Schwenk M H, Jumani A Q, Rosenberg C R, Kulogowski J E, Charytan C, Spinowitz B S
Division of Nephrology and Hypertension, The New York Hospital Medical Center of Queens, Flushing 11355, USA.
Pharmacotherapy. 1998 May-Jun;18(3):627-30.
We compared epoetin alfa (EPO) dose requirements and hematocrit response in 17 patients receiving chronic hemodialysis at baseline and after 3 and 12 months of therapy with angiotensin-converting enzyme (ACE) inhibitors (12 enalapril, 5 captopril).

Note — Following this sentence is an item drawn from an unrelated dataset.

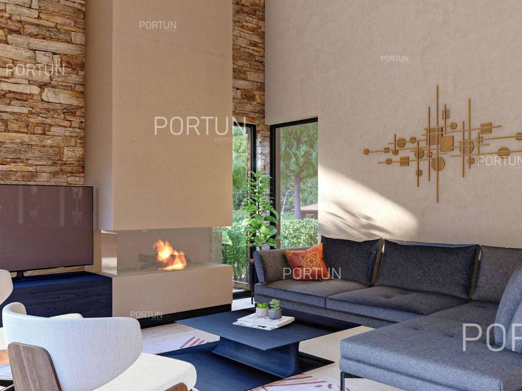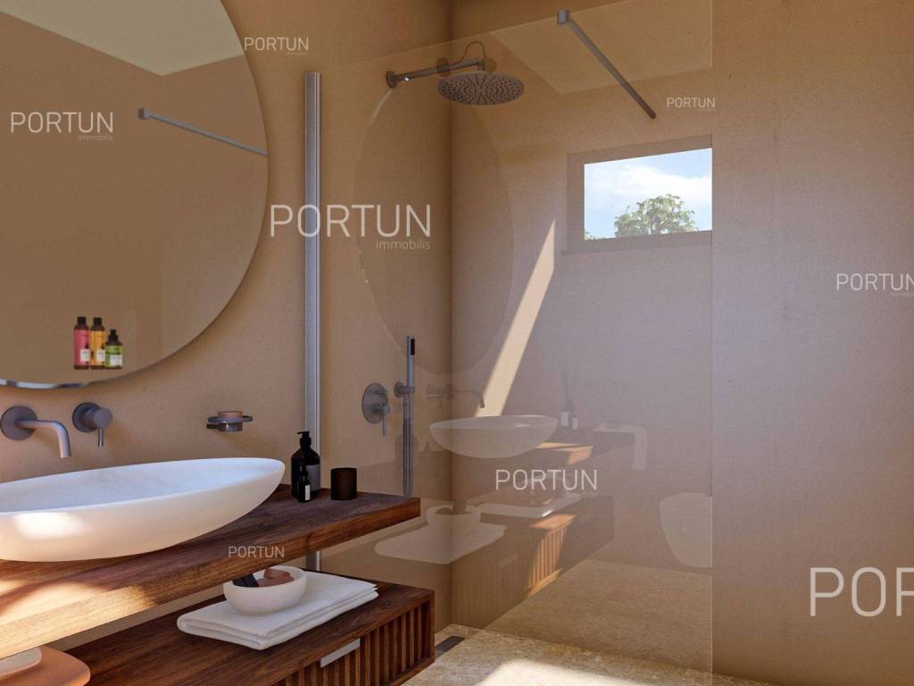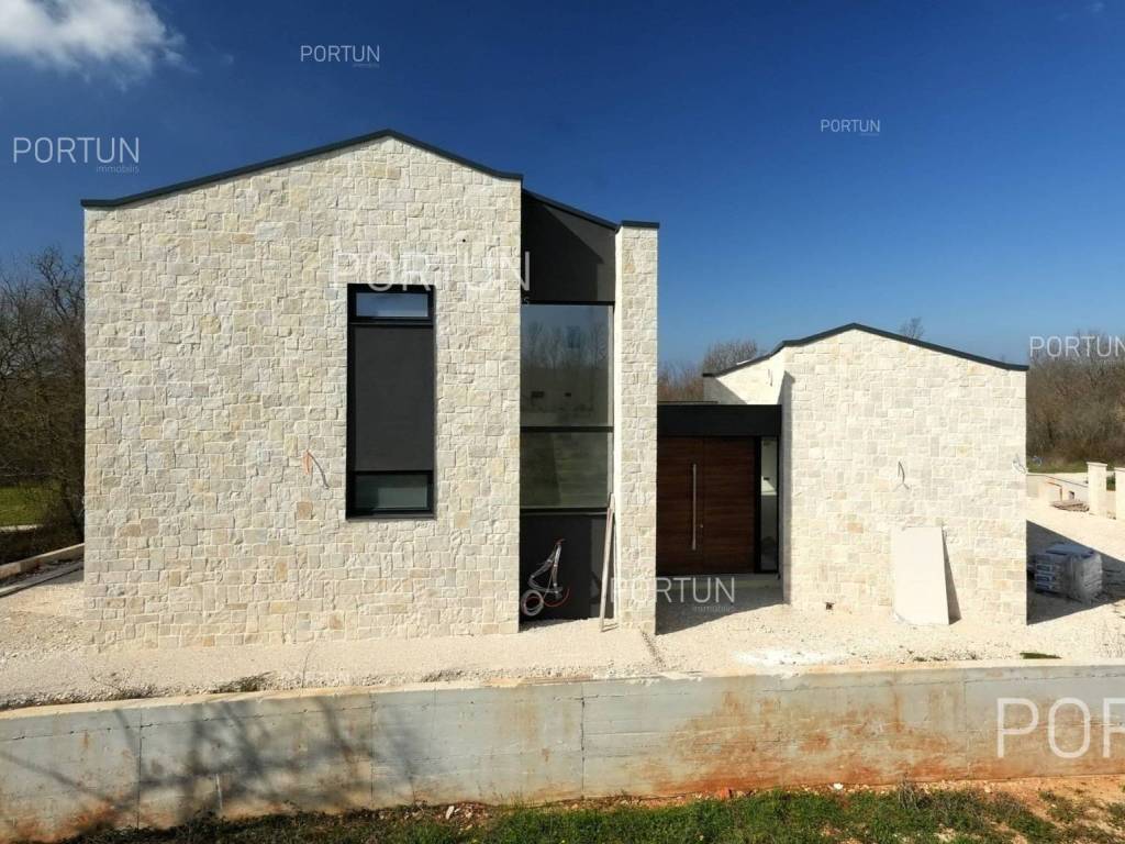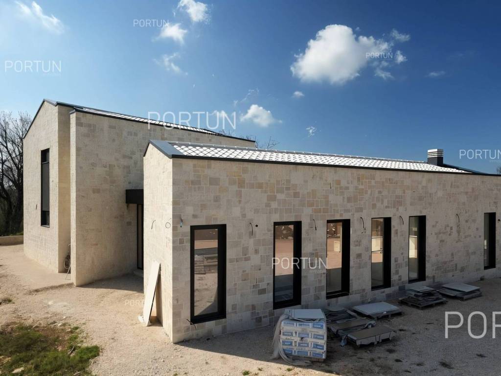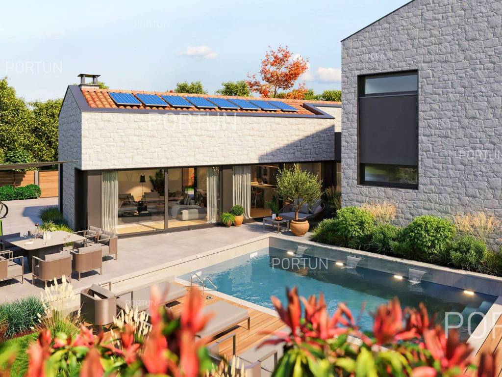 The refined contemporary holiday villa in the vicinity of Poreč offers extravagant design, lush green garden with diverse vegetation, efficient heating and cooling system, and an attractive sunbathing terrace by the pool. With four bedrooms and as many bathrooms, this extravagant villa is the perfect fit for the modern family in search of their future home in Istria. The visual solution is inspired by traditional local architecture, which in this case blends seamlessly with contemporary trends in holiday home design. In the larger house, the bedrooms are spread over two floors, totaling four, each with its own bathroom. The rooms feature modern design in warm wood tones and natural materials. On the ground floor, the larger house is connected to the smaller one, which contains an open-space living room with kitchen and dining area, as well as a technical room and laundry with a toilet. Thanks to the high ceiling with visible wooden roof structure, the living room impresses with its size and abundance of natural light. Numerous windows and a balcony allow excellent communication with the beautiful green surroundings and sunbathing terrace. It is planned that the house will be equipped with underfloor heating via a heat pump, triple carpentry, motorized blinds and solar collectors. The villa is located in a quiet location with numerous facilities nearby - restaurant 300 m, grocery store 4 km, beach 6 km and city center 6.7 km. LocationWith its cobblestone streets, old stone houses, medieval churches, endless vistas over the countryside and the sea, cute little shops, art galleries, wine bars and distinctive nature, Istria is not just a place to be, but a place to live! On the western coast of the Istrian peninsula, there is a city with a thousand-year history, Poreč with the charming old town with its mosaics and sights under the auspices of UNESCO, the tradition of wine and olives cultivation, local varieties and groceries, quiet coves, long coastline and green interior riches make it an ideal place to live. Peaceful and tranquil environment on the western part of the Istrian peninsula, not far from Poreč, where the house is positioned, is rich in various amenities:Sea | Beach 7 km Services | Food store 4 km - Cafe or bar 6 km - Inn or restaurant 300 m - Elementary School 2 km - Health center 6 km Sports and fun | Mini soccer field 250 m - Special forest vegetation reserve "Kontija" 19 km Nearby towns | Tar 10 km - Vrsar 14 km Traffic | Highway entry Baderna 12 km - Pula Airport 60 km Attractions | Geomorphological nature monument Baredine Pit 6 km LayoutThe bright house, with 168 square meters, is spread over two floors, namely the ground floor and the 1st floor. Ground floor | The entrance to the house is on the ground floor. This 117,43 m2 floor includes a living room with kitchen and dining room, two bedrooms with en suite bathrooms, a lavatory, a corridor, an covered entrance, a staircase and a laundry. First floor | Internal turning stairs lead to the upper level, that is to the 1st floor. This 50,45 m2 level features two bedrooms with en suite bathrooms and a corridor. The two key rooms in this house are The living room with kitchen and dining room | Ground floor - 44,00 m2 - Southwest facing - Living room with fireplace - Visible wooden beams contribute to the warm atmosphere - High ceilings - Large glass walls - Exit to the yard - Corner sofa set - Coffee table - TV - Island kitchen - Modern designThe bedroom | Ground floor - 19,25 m2 - South facing - Exit to the terrace - Wardrobe closet - Modern bathroom with shower - Double bed - Dressing tableAbout the houseThe entrance to the house is on the ground floor level, from the northeast side, and vertical communication takes place via an internal staircase. The basic architectural characteristics of this well-maintained two-story building are: Floors | Ground floor + First floor Orientation | Southwest External walls | Stone wall + Insulation + Block brick wall 25 cm Concrete slab floors Roof | Pitched roof covered with clay tiles Parking canopy for two cars Construction began in 2023/10 | Planned completion of construction in 2024/8Outdoor pool Skimmer pool 57,00 m2 | Concrete construction - Pool liner: Ceramic tiles - Salt water (disinfection by chlorine electrolysis) - Shallow part - Waterfall - Water heating - LED lighting Sunbathing area paved with stone | Outdoor shower Services Connection to the power grid Connection to the water supply network Unpaved public access road | Distance to the paved road 110 mReal estate statusThe land is located entirely within the boundaries of the construction area. DocumentationExtracted documents | Building permit - Main project

No acute processes were present (infection, hemorrhage, inflammation) at time of starting ACE inhibitor therapy. Mean (+/- SD) intravenous EPO dosages at zero, 3, and 12 months were 6012 +/- 2575, 5800 +/- 2026, and 5660 +/- 2285 U 3 times/week (p=0.56), and mean differences were -212 U for 0-3 months (95% CI -1310 to 886) and -713 U for 0-12 months (95% CI -2142 to 716). Mean +/- SD hematocrits were 30.5 +/- 3.9%, 31.6 +/- 3.2%, and 34.2 +/- 3.1% (p=0.01, zero vs 12 mo), and mean differences were 1.7% for 0-3 months (95% CI -1.41 to 4.81) and 3.85% for zero-12 months (95% CI 0.71-7). Our results indicate that ACE inhibitors do not increase EPO dose requirements or reduce hematocrits in these patients.

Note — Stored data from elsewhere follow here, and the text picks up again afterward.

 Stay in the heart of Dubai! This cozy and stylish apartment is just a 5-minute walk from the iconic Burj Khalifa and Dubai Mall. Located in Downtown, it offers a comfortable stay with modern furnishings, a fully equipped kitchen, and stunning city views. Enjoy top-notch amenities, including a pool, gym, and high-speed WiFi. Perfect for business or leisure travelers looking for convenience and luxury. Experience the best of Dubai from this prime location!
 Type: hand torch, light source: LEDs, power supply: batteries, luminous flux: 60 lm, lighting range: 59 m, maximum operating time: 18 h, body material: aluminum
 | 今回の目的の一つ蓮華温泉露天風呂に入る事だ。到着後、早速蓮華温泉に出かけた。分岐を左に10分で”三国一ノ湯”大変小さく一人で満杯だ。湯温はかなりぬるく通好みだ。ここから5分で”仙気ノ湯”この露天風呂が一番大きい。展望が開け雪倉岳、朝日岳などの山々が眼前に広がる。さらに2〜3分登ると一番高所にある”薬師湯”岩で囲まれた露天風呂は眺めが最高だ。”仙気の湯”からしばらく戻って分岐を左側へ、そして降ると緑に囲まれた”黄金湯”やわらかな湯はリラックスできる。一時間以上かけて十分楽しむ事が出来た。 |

我们比较了17例接受慢性血液透析患者在基线时以及使用血管紧张素转换酶(ACE)抑制剂(12例依那普利,5例卡托普利)治疗3个月和12个月后的促红细胞生成素α(EPO)剂量需求和血细胞比容反应。开始使用ACE抑制剂治疗时不存在急性病程(感染、出血、炎症)。零个月、3个月和12个月时的平均(±标准差)静脉注射EPO剂量分别为6012±2575、5800±2026和5660±2285单位,每周3次(p = 0.56),0至3个月的平均差异为 -212单位(95%可信区间 -1310至886),0至12个月的平均差异为 -713单位(95%可信区间 -2142至716)。平均(±标准差)血细胞比容分别为30.5±3.9%、31.6±3.2%和34.2±3.1%(p = 0.01,零个月与12个月相比),0至3个月的平均差异为1.7%(95%可信区间 -1.41至4.81),零至12个月的平均差异为3.85%(95%可信区间0.71至7)。我们的结果表明,ACE抑制剂不会增加这些患者的EPO剂量需求或降低血细胞比容。